China’s prudent, pragmatic and underwhelming responses to the 2021 extra-constitutional political transitions in Afghanistan and Myanmar should come as no surprise — Beijing often works with whomever holds power regardless of how they attained it. Characterizing these crises as mere “reshuffles” paves the path for engagement, which can provide opportunity to protect China’s interests, or at least ensure they are heard. Moreover, Beijing sees no apparent contradiction in loudly proclaiming its adherence to the principle of noninterference, while quietly interfering. As Beijing works from the sidelines and refrains from pushing publicly for international recognition for the junta in Myanmar or the Taliban in Afghanistan, this gives China leeway to avoid becoming too entangled, and perhaps even miscalculating by backing the wrong group.

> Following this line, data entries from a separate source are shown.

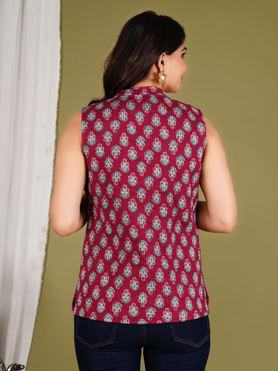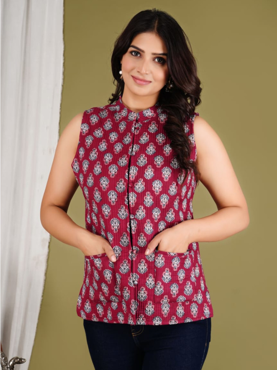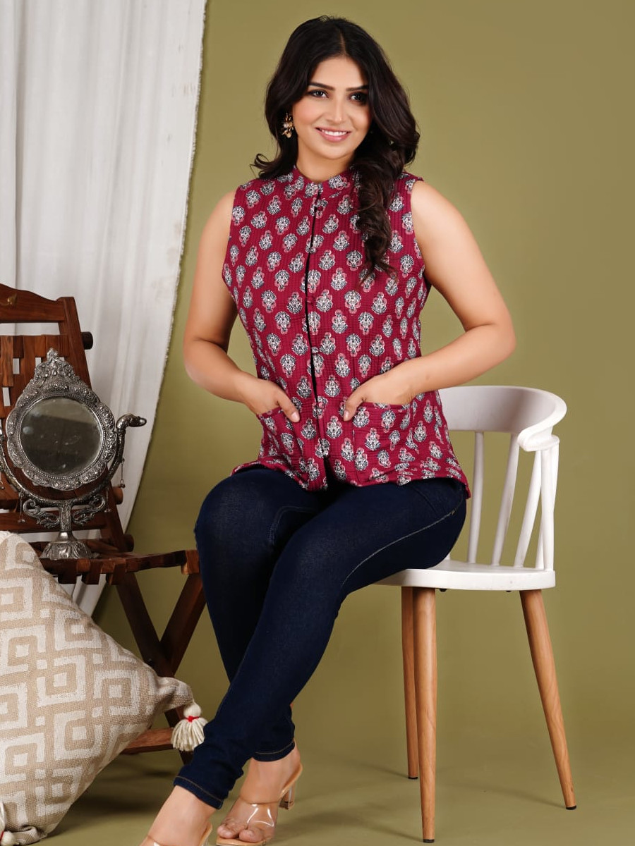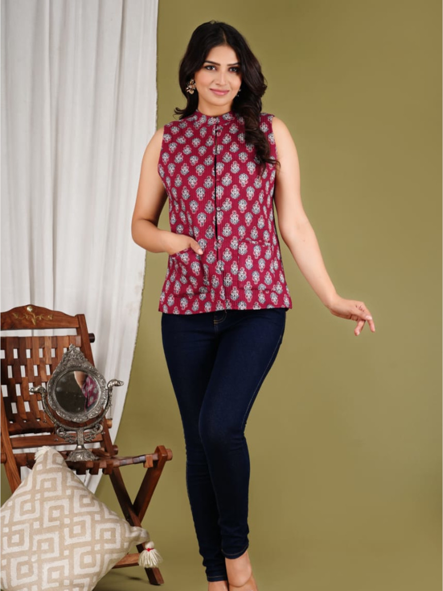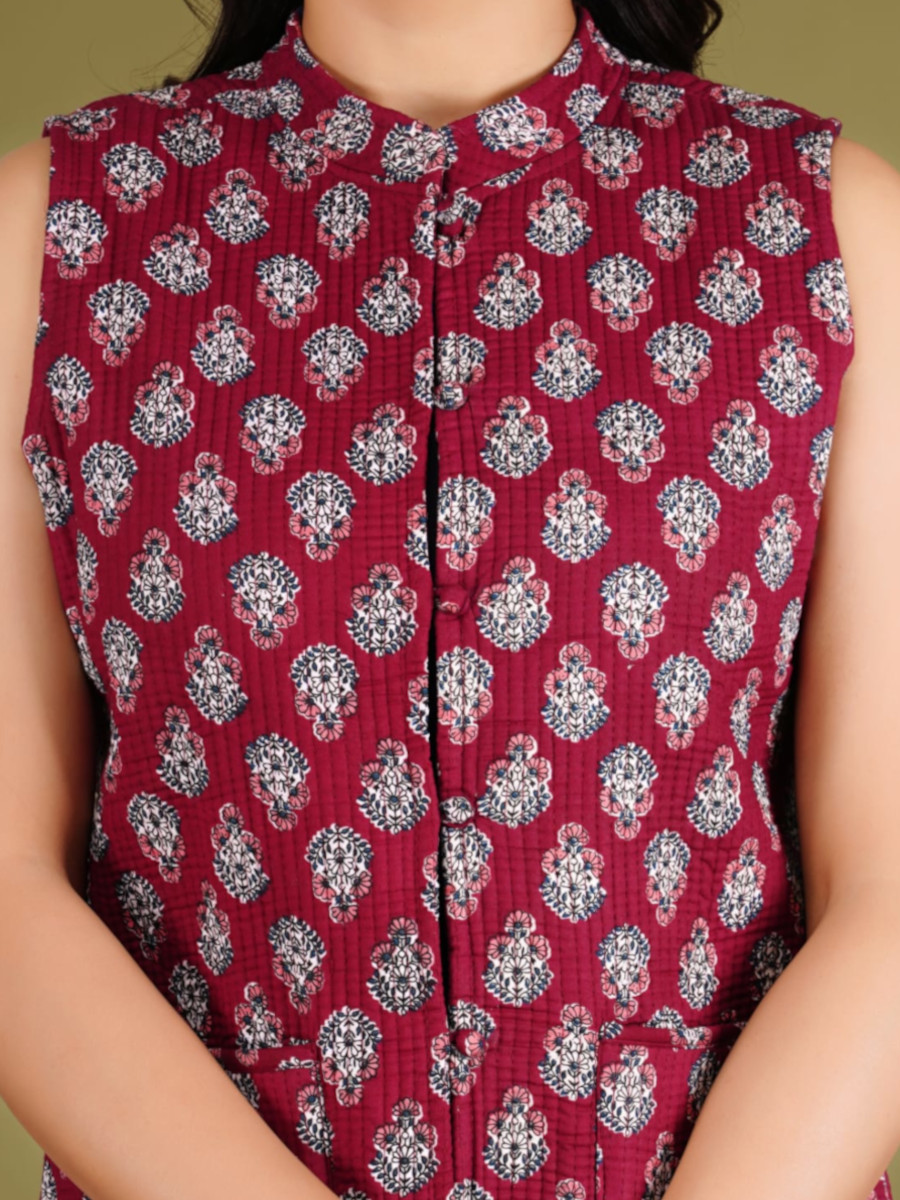 Introducing our Maroon Floral Block Printed Reversible Cotton Sleeveless Quilted Jacket! This versatile and stylish jacket features beautiful intricate floral prints on both sides, providing two distinct looks in one. Made from premium cotton for comfort and breathability, it's perfect for layering in any season. The sleeveless design and lightweight quilting add warmth without bulk, making it an essential addition to your wardrobe. Elevate your outfit with this chic and eco-friendly reversible jacket!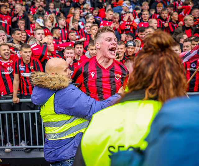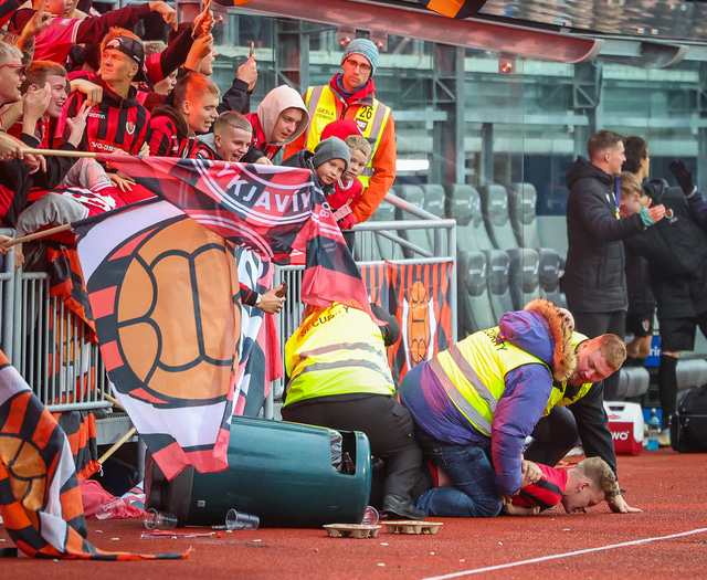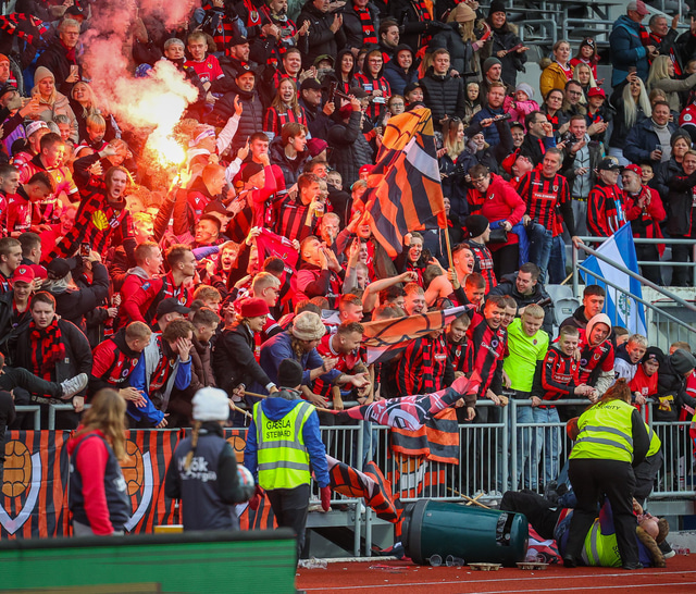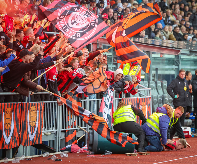 Einn gekk svo langt að hlaupa inn á völlinn á meðan gæslufólk horfði í hina áttina og þá voru mikil átök eftir annað mark Víkinga í leiknum þar sem einn var snúinn niður.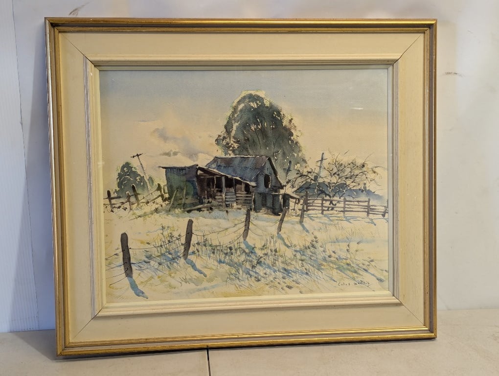 Framed artwork, timber frame, title: Frost, artist: Rufus Morris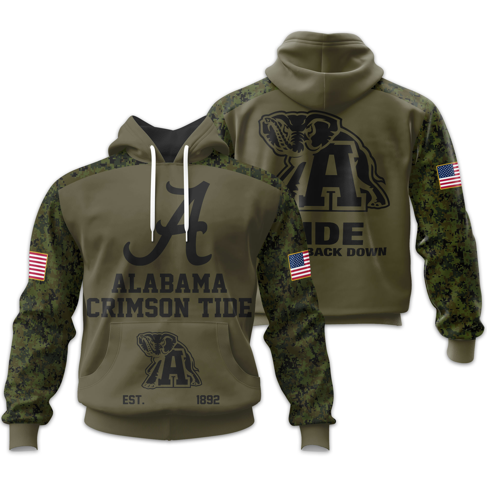 Alabama Crimson Tide | Military Green Camo Hoodie 2025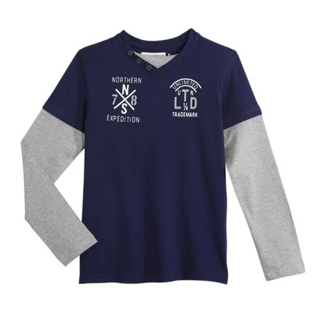Look 100% sportif pour les garçons avec ce tee-shirt 2 en 1 ! Jersey 100% coton. Effet 2 en 1 au col et aux manches. Imprimé sur la poitrine. Boutons fantaisie à l'encolure. Il n'y a pas d'étiquette dans le cou pour un maximum de confort. Ce t-shirt à manches longues garçon est lavable en machi
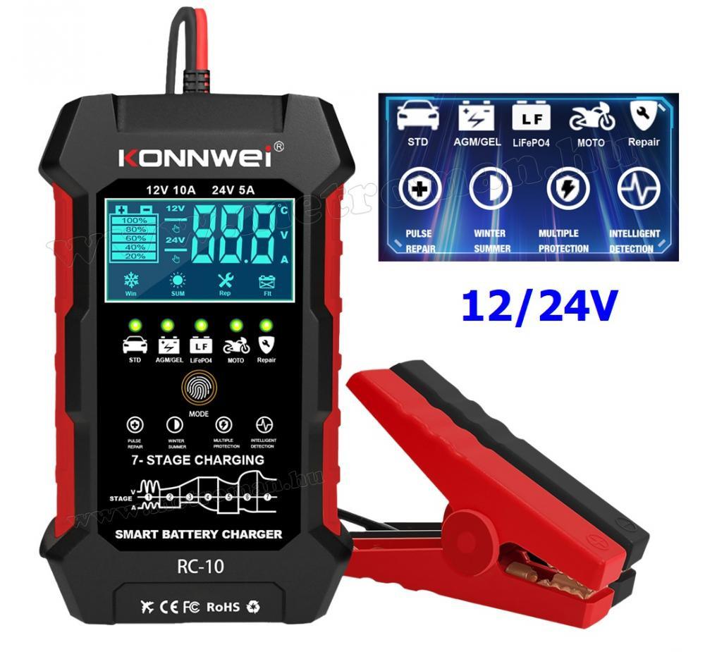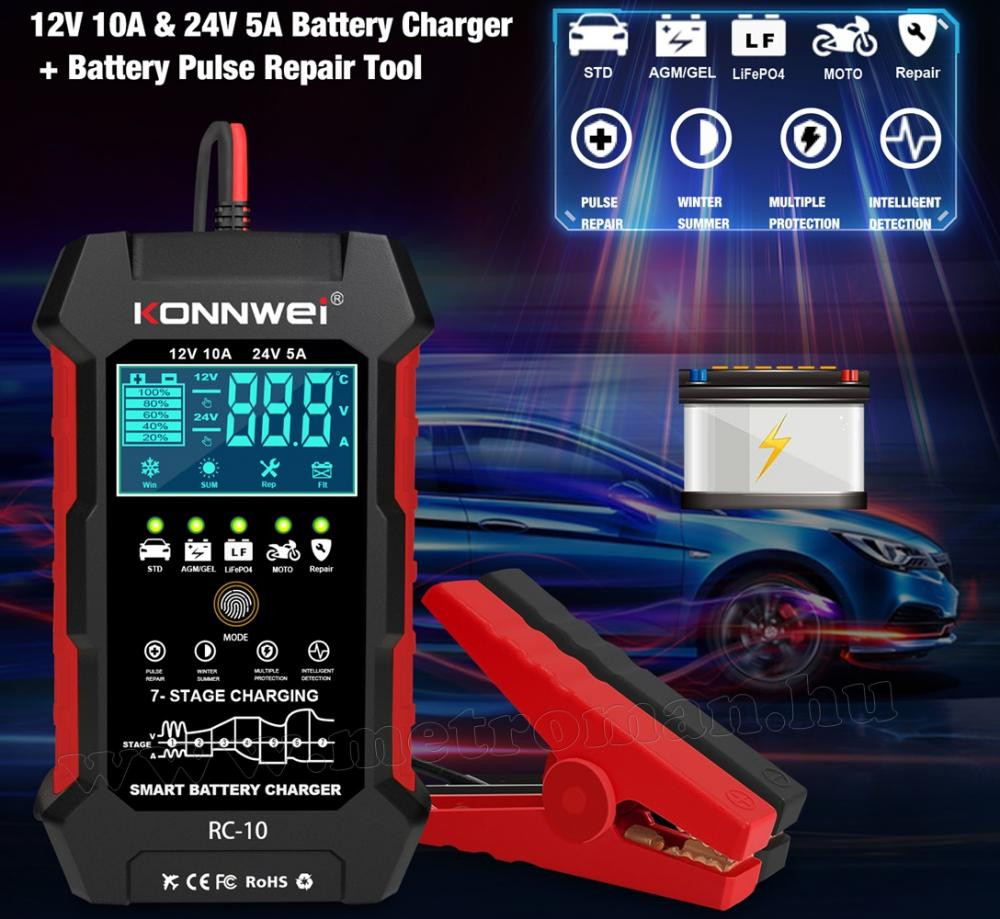 Automata Intelligens akkumulátor töltő, csepptöltő és regeneráló Konnwei RC-10 12V/24V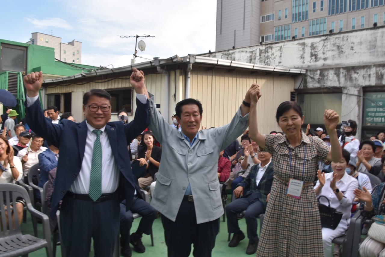 ÇÑÆí À̳¯ À̸íÈ£ °¼±¸Ã»Àå ¿¹ºÎÈĺ¸ »ç¹«½Ç °³¼Ò½Ä¿¡´Â Áø¼øÁ¤ ¼ö¼®ÃÖ°íÀ§¿øÀ» ºñ·ÔÇÏ¿© ´ç °ü°èÀÚ µî 200¿©¸íÀÌ Âü¼®ÇÏ¿© À̸íÈ£ ¿¹ºñ Èĺ¸ÀÇ ¾Ð½ÂÀ» ÀÀ¿øÇß´Ù. <³¡>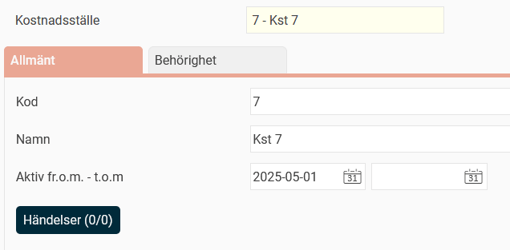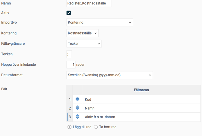 För att importera nya kostnadsställen kan vi skapa du en importmall som innehåller kod, namn och aktiv från och med-datum.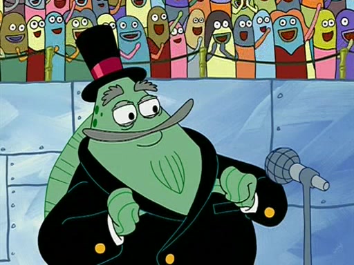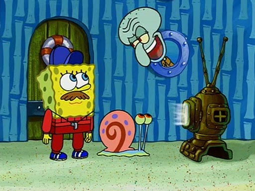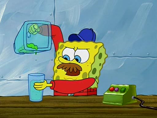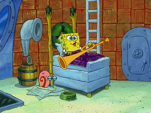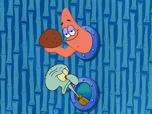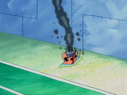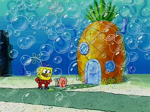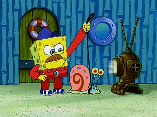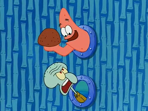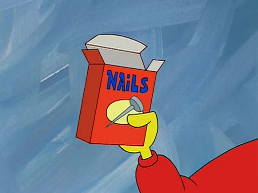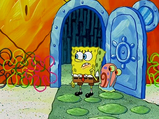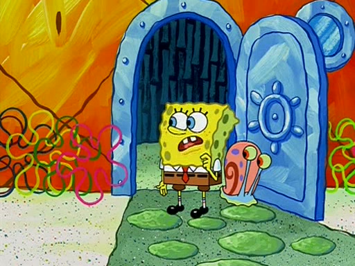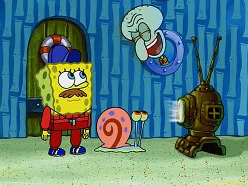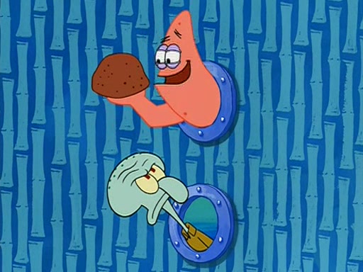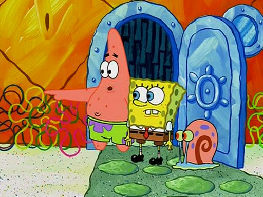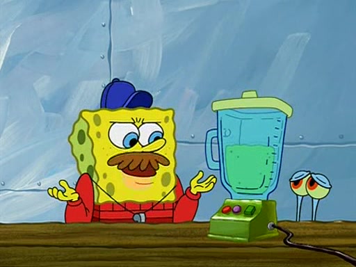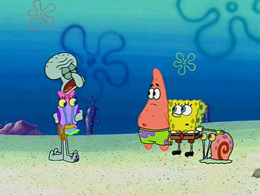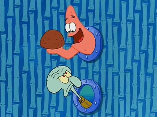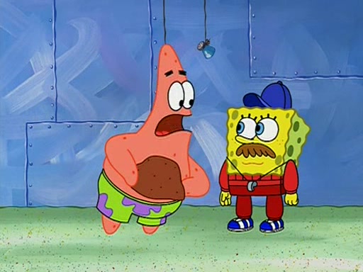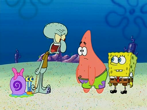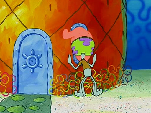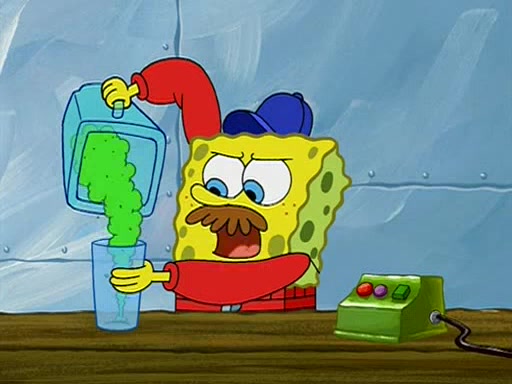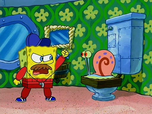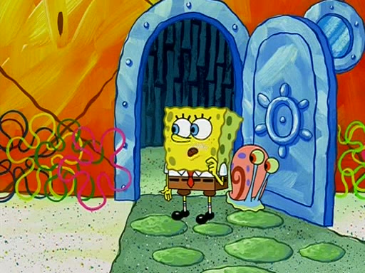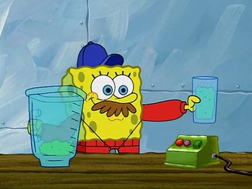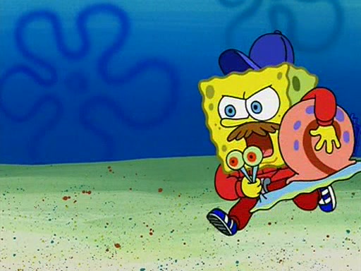 SpongeBob makes a shake with weird ingredients and gives it to Gary, but Gary runs to the living room. Patrick shows SpongeBob his snail, which is a rock. Patrick says he has nerves of steel.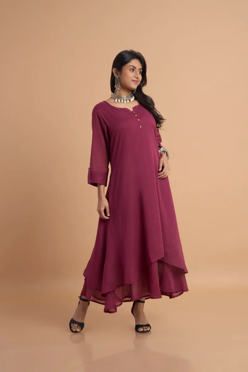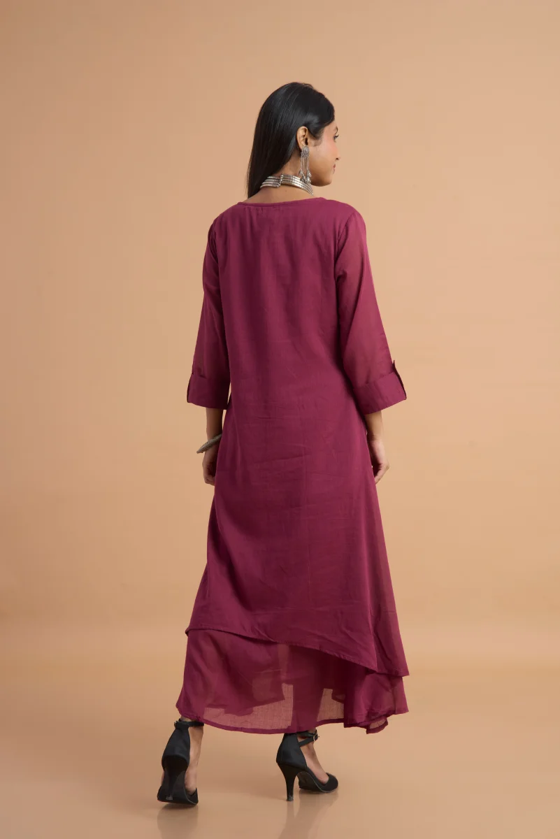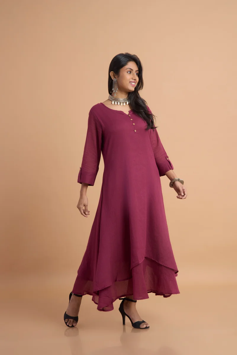 Maroon Aura Double-Layered Cotton Dress
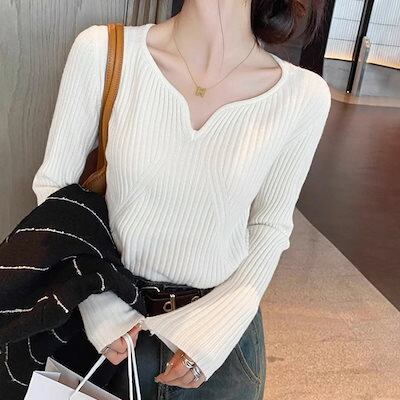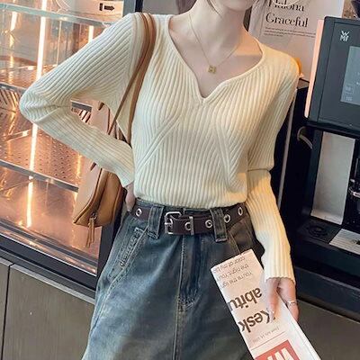 キーネック ニット リブニット トップス 長袖 レディース リブ フィット プルオーバー シンプル 無地 ニットトップス ニットセーター セーター タイト ストレッチ 柔らかい オフィスカジュアル 大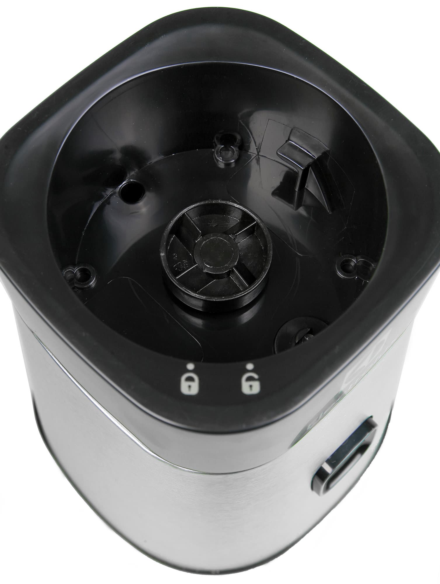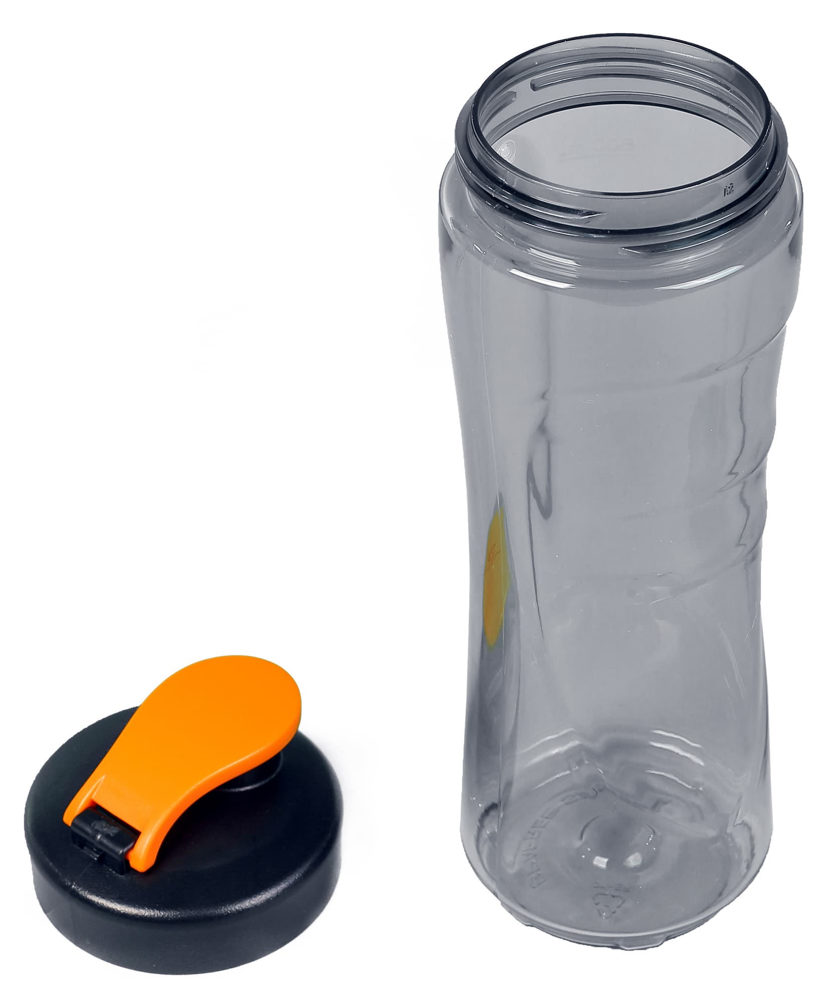 Корпус блендера выглядит привычно для категории: сочетание стали и матового черного пластика, плавно сужающаяся кверху форма, утопленная квадратная кнопка управления посередине. Пластиковая чаша на 600 мл, по сути узкая и высокая бутылка, придает прибору в сборке немного космический вид. Герметичная крышка с отверстием для питья легко навинчивается на бутылку, оранжевый клапан создает яркий акцент, бутылку удобно держать в руке за счет небольшой «талии» посередине.

Despite this pattern of Chinese responses serving as impediments for greater Chinese involvement in adjacent countries, there is still opportunity for Beijing to increase its influence in Myanmar and Afghanistan. But what China’s cautious and subdued response thus far shows is that despite projecting an image of confidence and assertions of a more proactive foreign policy under Xi, China in many ways remains reactive. Rather than stepping in to quickly impact the serious political turmoil in Afghanistan and Myanmar, China seems willing to wait and let things play out, attempting to keep its options open and addressing problems as it must. The problem with this approach is that it diminishes Beijing’s ability to influence the outcome of the situation and, with it, maintain stability on its periphery.

Alison McFarland is a research associate for the China and North Korea programs at the U.S. Institute of Peace.